Surgery on his intestine? And he was alive to protest? Dr. DiGratia must be as skilled as Carina claimed. That brought scant comfort.

The doctor soaked a cloth in the bowl and wrung it out, then began swabbing Quillan’s skin. “Your fever broke last night. Do you remember the delirium?”

Delirium. How did one remember delirium? But Quillan did have a vague sense of thrashing, reliving the explosion, the crushing pain of the wagon upon him as it began to burn. Crying out for his horses. He wondered now where they were. Had someone cared for them?

“Once the perspiration began, I guessed you would come out of your stupor. But now I must wash the perspiration away so it does not putrefy your wounds.” The doctor continued to swab him with the warm cloth.

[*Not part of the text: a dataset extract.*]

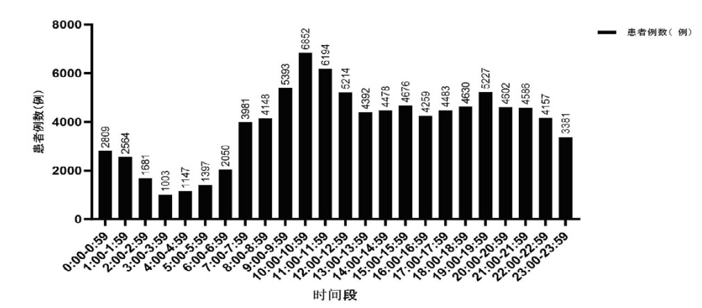 月度分布中,1月份患者最多,达9 737例,其次为12月,患者8871例。见图 2。在每日24 h中,出诊最高峰出现10:00-10:59时段,有6 852例患者,其后为11:00-11:59时段,有6 194例患者,最低谷为03:00-03:59时段,仅1 003例患者。见图 3
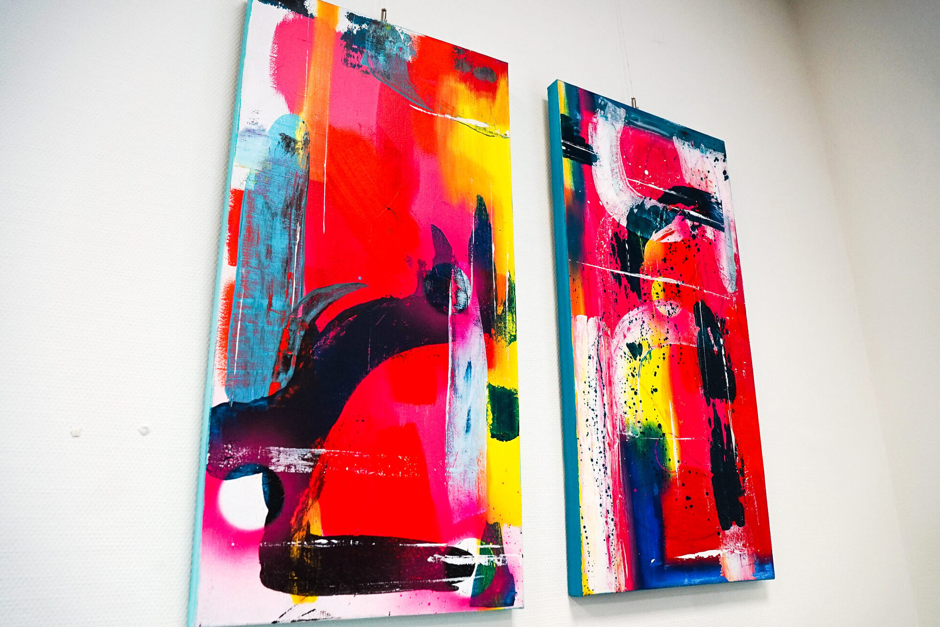 Einen Kontrast dazu bilden die abstrakten Leinwandarbeiten von Daniela Nennstiel. Die 56-jährige Künstlerin arbeitet mit intensiven Farben wie Grün, Pink oder Lila und nutzt dabei unterschiedlichste Techniken. Neben klassischen Malmethoden kommen unter anderem Sprühtechniken sowie experimentelle Materialien wie Kaffeesätze in Kombination mit Vinylkleber zum Einsatz.

Cringing inside, Quillan resisted the comfort of that warm swabbing. He couldn’t remember ever being touched in a healing, nurturing way, except for Carina. Where was she? He wanted to ask, but he feared she had been locked in some corner of the mansion, as far from him as possible.

Vittorio brought the tincture of opium.

Dr. DiGratia unfastened the strap across Quillan’s ribs. “Help me get his back first.” They raised him only enough to rub his back with the warm cloth, then wipe it dry and lay him back down.

Quillan’s ribs shot with pain, but they were nothing to the throbbing wound in his abdomen and the muscles surrounding it. The doctor raised quizzical brows. “Now you will accept your medicine?”

Awareness of the pain grew until it sapped his thought, his will. Quillan closed his eyes and nodded.

“I thought as much. Vittorio.”

Again Vittorio spooned the liquid into the side of his mouth. Quillan swallowed, lulled into a false complacency that evaporated the moment Dr. DiGratia lowered the sheet. Humiliated and fiercely resentful, he lay still while the rest of him was cleaned. Had he ever felt so stripped and vulnerable? God, what are you doing? Only the image of Christ likewise stripped and humiliated kept him from kicking with his one good leg. That, and the weakness that again overcame his fury.





TWENTY-FOUR

No horror terrifies the soul, like rendering the flesh unwhole; Poor feeble spirit tethered by a mangled man too dense to die.